_INPUT FOR THIS TASK_:
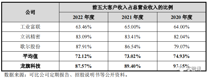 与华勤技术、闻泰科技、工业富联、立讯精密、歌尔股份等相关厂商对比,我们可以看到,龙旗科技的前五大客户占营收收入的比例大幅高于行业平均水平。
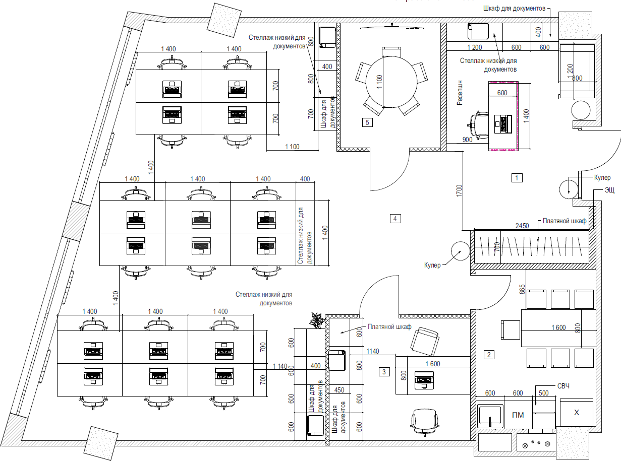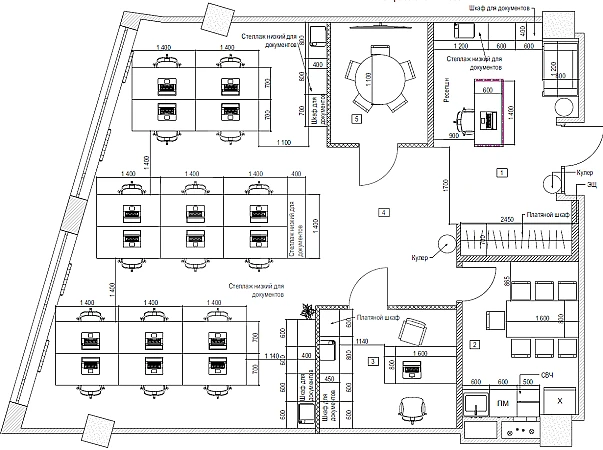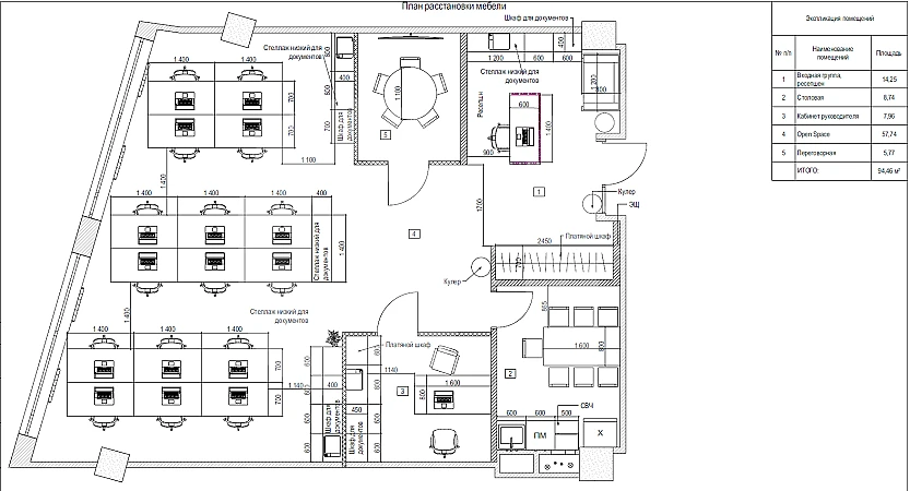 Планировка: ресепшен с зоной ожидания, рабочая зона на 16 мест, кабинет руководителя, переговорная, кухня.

---

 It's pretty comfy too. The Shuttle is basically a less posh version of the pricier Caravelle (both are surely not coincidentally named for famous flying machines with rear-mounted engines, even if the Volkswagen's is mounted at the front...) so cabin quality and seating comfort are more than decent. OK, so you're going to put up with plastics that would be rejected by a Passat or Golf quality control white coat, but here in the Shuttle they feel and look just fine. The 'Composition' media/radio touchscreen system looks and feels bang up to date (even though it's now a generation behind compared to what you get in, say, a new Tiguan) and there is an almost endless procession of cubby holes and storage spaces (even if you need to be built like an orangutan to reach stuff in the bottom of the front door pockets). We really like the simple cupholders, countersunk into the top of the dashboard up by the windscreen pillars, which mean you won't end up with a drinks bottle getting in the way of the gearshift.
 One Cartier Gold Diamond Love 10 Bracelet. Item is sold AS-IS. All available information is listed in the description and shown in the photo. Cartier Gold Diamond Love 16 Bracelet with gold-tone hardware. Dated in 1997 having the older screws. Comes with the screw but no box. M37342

_PROBLEM REQUIREMENTS_: Among the records, find the lines that contain "with" and copy each of them.

_COMPLETED TASK_:
 It's pretty comfy too. The Shuttle is basically a less posh version of the pricier Caravelle (both are surely not coincidentally named for famous flying machines with rear-mounted engines, even if the Volkswagen's is mounted at the front...) so cabin quality and seating comfort are more than decent. OK, so you're going to put up with plastics that would be rejected by a Passat or Golf quality control white coat, but here in the Shuttle they feel and look just fine. The 'Composition' media/radio touchscreen system looks and feels bang up to date (even though it's now a generation behind compared to what you get in, say, a new Tiguan) and there is an almost endless procession of cubby holes and storage spaces (even if you need to be built like an orangutan to reach stuff in the bottom of the front door pockets). We really like the simple cupholders, countersunk into the top of the dashboard up by the windscreen pillars, which mean you won't end up with a drinks bottle getting in the way of the gearshift.
 One Cartier Gold Diamond Love 10 Bracelet. Item is sold AS-IS. All available information is listed in the description and shown in the photo. Cartier Gold Diamond Love 16 Bracelet with gold-tone hardware. Dated in 1997 having the older screws. Comes with the screw but no box. M37342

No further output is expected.